A anistia de 1979 tem de ser revogada, em nome das vítimas da ditadura mais brutal que o Brasil já conheceu e de nosso auto-respeito como nação. Que se levante a bandeira correta e justa, de uma vez por todas!
Quanto a Genro e Vannuchi, a dignidade impõe que se afastem de um governo que os desautoriza a cada momento.
Assim como a dignidade impõe ao presidente Lula que renuncie à pensão de prejudicado pela ditadura [passou 31 dias preso no Dops em 1980, com a imprensa cansando de publicar fotos dele batendo bola com outros sindicalistas detidos...] que vem recebendo há décadas e restitua cada centavo aos cofres públicos.
Por uma questão de coerência: quem se alinha com os déspotas e verdugos, moralmente não merece reparação de vítima. É o mesmo caso do Cabo Anselmo [o qual pleiteava anistia de vítima da ditadura sob a alegação de que, inexistindo o regime de exceção, ele não teria desempenhado o papel de traidor e algoz de militantes; o seu pedido em princípio atendia às regras do programa e só pôde ser recusado porque se comprovou que ele já era agente do Cenimar infiltrado na esquerda antes do golpe de 1964].

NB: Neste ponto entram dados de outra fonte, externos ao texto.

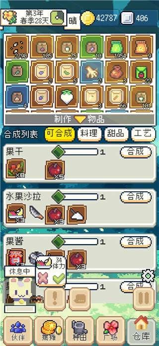 游戏中还有120种食谱与配方可供玩家探索发现,玩家可以运用种植的作物、饲养动物的产出以及在探索过程中获取的材料,制作各类商品并进行售卖。
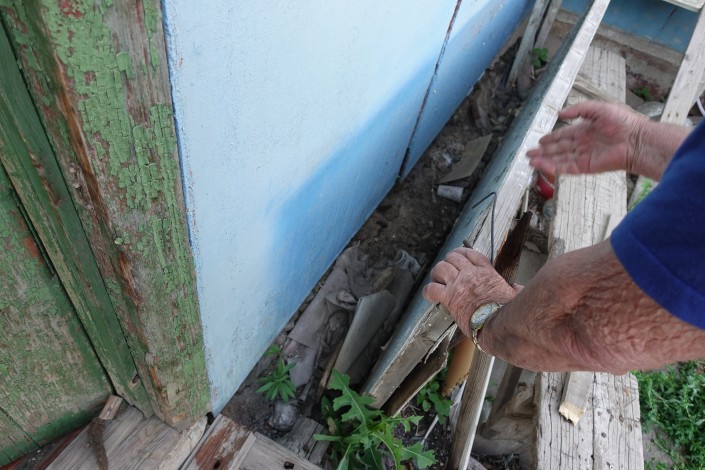 За годы ожидания сноса ее дом просел. Приходится постоянно делать ремонт, временами откачивать воду.

PAREM AS ROTATIVAS!!! – O artigo acima republicado era a parte inicial de uma duologia sobre como o Brasil até agora vinha falhando miseravelmente na eliminação do entulho ditatorial chamado Lei da Anistia, um mero habeas corpus preventivo que os mandantes dos extermínios e atrocidades da ditadura militar concederam em 1979 a si próprios e a seus jagunços.
Mas, numa surpreendente reviravolta, acaba de surgir a notícia de que o ministro do STF Dias Toffoli pretende fazer ainda neste ano o que nem a presidente ex-torturada ousou: promover uma audiência pública para rediscutir a Lei da Anistia (algo que já deveria ter sido encaminhado desde 1985!).
Ou seja, abre-se a perspectiva de corrigirmos uma aberração grotesca com apenas 39 anos de atraso. Os vizinhos que passaram pela mesma situação e não foram tão pusilânimes como nós morrerão de rir. Mas, antes tarde do que nunca: pelo menos o precedente que ficará para o futuro não será uma vergonha nacional.
Então, surgida esta pra lá de inesperada nova chance de punição dos torturadores da ditadura (ainda que os grandes vilãos já tenham morrido e só restem alguns gatos pingados de escalão inferior para responderem por seus crimes hediondos), desisti da duologia, mas manterei o artigo de 17/02/2024 com o título que fazia sentido no sábado e caducou no domingo.